- [Data for this task]:
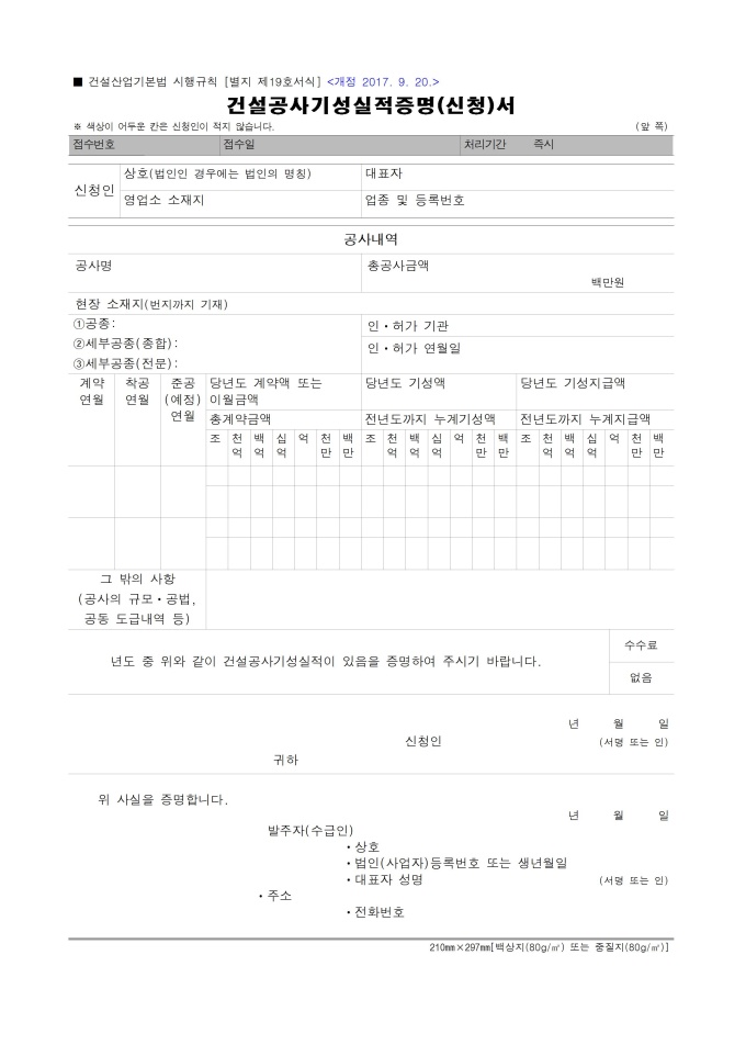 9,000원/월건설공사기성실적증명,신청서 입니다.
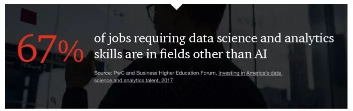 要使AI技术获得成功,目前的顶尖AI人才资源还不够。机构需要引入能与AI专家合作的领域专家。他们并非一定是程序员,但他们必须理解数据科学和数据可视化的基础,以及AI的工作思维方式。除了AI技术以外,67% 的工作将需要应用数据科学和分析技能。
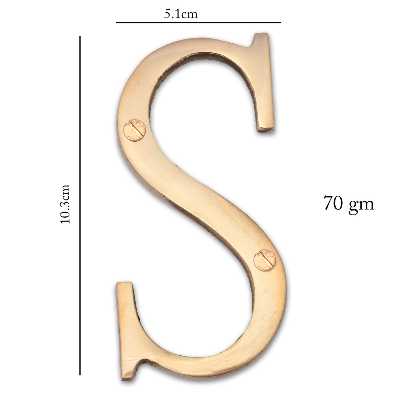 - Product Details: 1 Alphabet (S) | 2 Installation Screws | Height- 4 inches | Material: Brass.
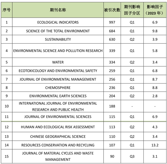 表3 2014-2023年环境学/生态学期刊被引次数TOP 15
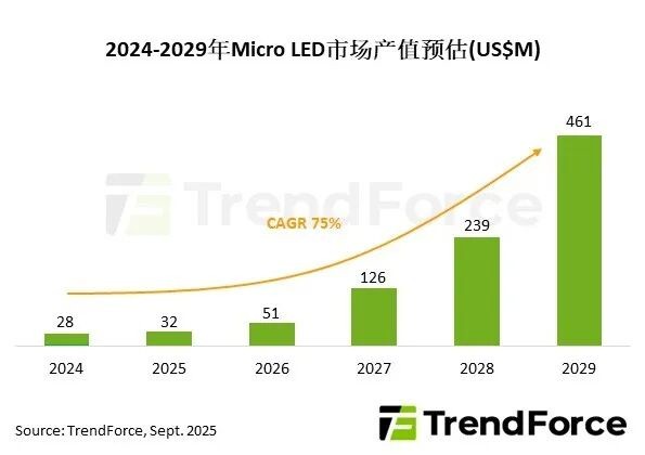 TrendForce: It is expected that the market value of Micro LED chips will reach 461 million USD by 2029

* * *

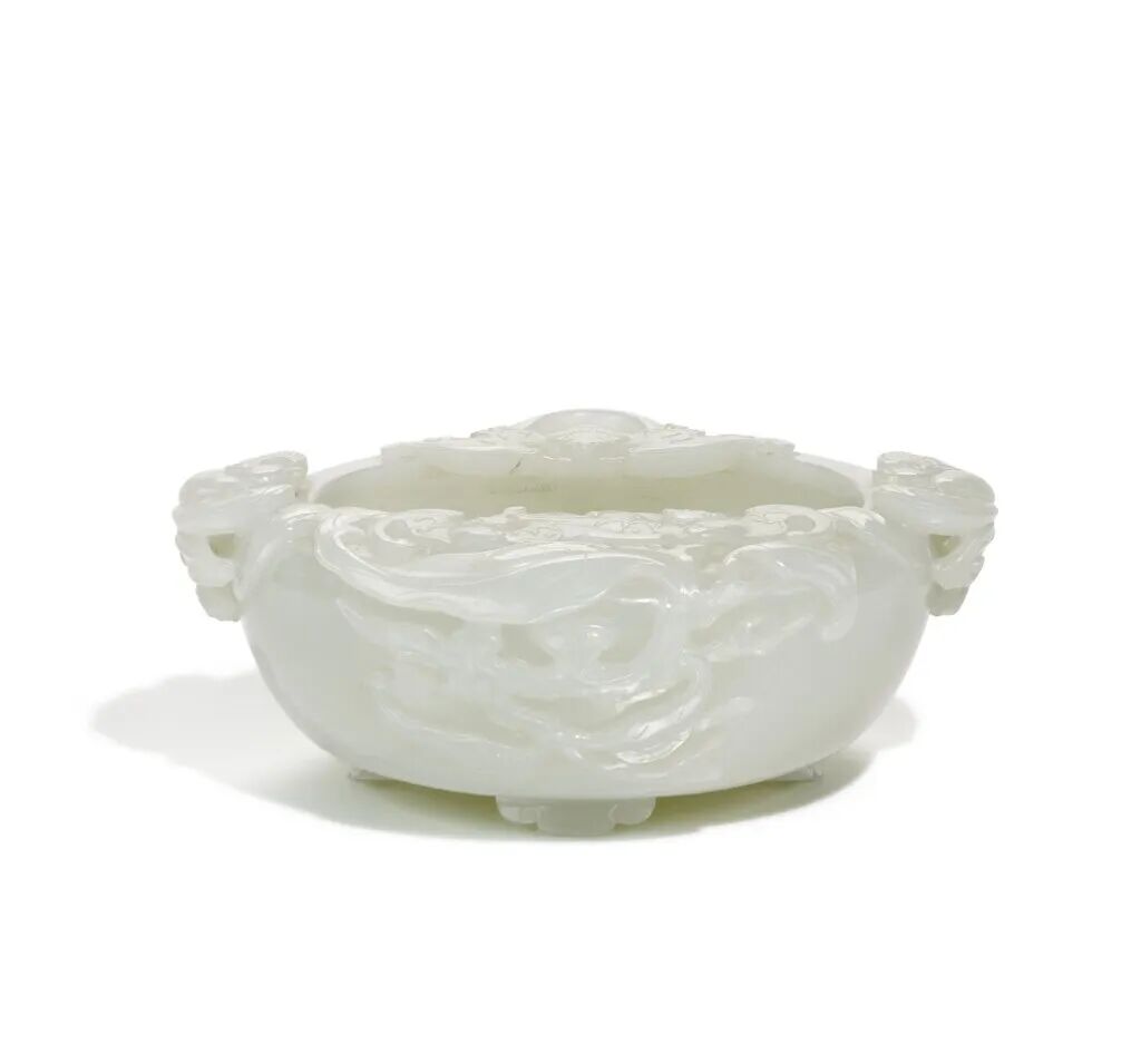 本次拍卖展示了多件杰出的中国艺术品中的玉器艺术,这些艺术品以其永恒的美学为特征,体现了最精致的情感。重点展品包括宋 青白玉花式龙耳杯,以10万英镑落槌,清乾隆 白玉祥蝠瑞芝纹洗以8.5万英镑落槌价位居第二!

- [The task]: Beginning with the line holding "表3 2014-2023年环境学/生态学期刊被引次数TOP 15" in the material above, restate word for word each line through the line holding "TrendForce: It is", and exclude pictures.

- [Problem solution]:
 表3 2014-2023年环境学/生态学期刊被引次数TOP 15
 TrendForce: It is expected that the market value of Micro LED chips will reach 461 million USD by 2029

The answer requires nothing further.